The “jezebel” was a racist image that devalued black womanhood by equating a particular slave with a more primal creature who was unable to control her sexual urges. In so doing, white men who owned slaves transferred the blame for the rapes they committed on the “insatiable lust” of slave women who tempted the otherwise virtuous slave owner. The “mammy” was on the reverse end of the spectrum, a nonsexual, and therefore unthreatening and undesirable, drudge who cheerfully emancipated white women from their daily toil. Critical race theorists explain that these stereotypes led to the elevation of white women because they were contrasted against the negative images of the jezebel and the mammy.

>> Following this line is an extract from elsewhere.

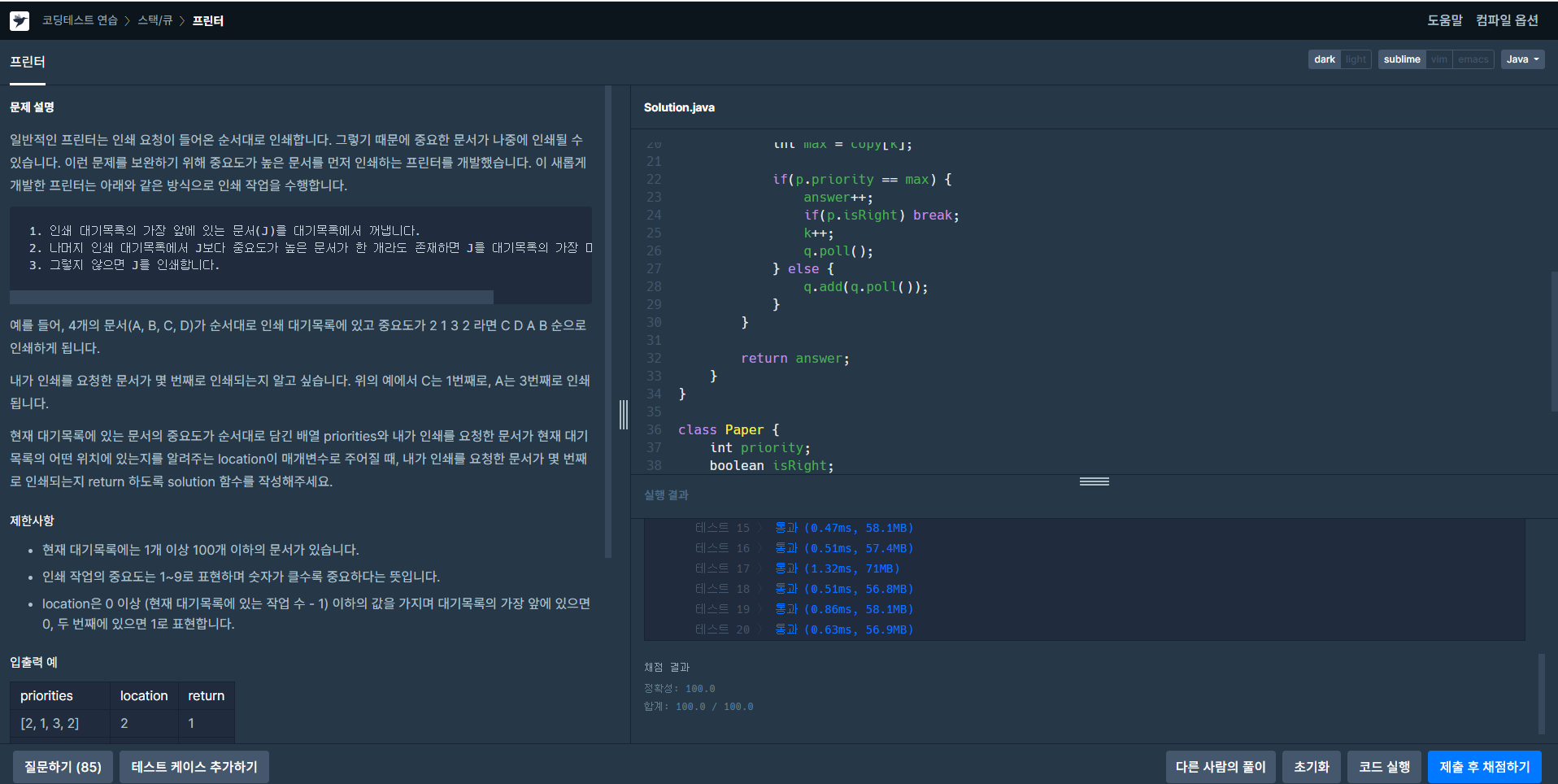 위와 같은 문제로 백준에서 풀은 똑같은 프린터 큐 문제가 있는데

As a result, the denigration of black women created the image of white women as both virtuous and desirable. At the same time, these stereotypes allowed elite white men to define a very limited sphere of acceptable female behavior for the idealized woman—a pedestal that elevated and trapped a woman at the same time.

In this and many other ways, recent CRT scholars have shown how racism helped to pit black and white women against one another within a paternalistic society. These scholars argue that aspects of these stereotypes persisted beyond the end of chattel slavery in ways that continued to devalue black womanhood while defining white womanhood in elevated but restricted ways. According to this line of reasoning, issues of race, ethnicity, class, and gender came together in ways that permitted elite white males to define womanhood in racial and gendered terms. As a result, those who identify themselves as Third-Wave Feminists believe that celebrating diversity and encouraging women to define womanhood for themselves is a necessary corrective. In the end, attempting to precisely define Third-Wave Feminism may be an impossible task. Like those who came before them, Third-Wave Feminists are a diverse group of women who seek equality and justice while confidently living life on their own terms.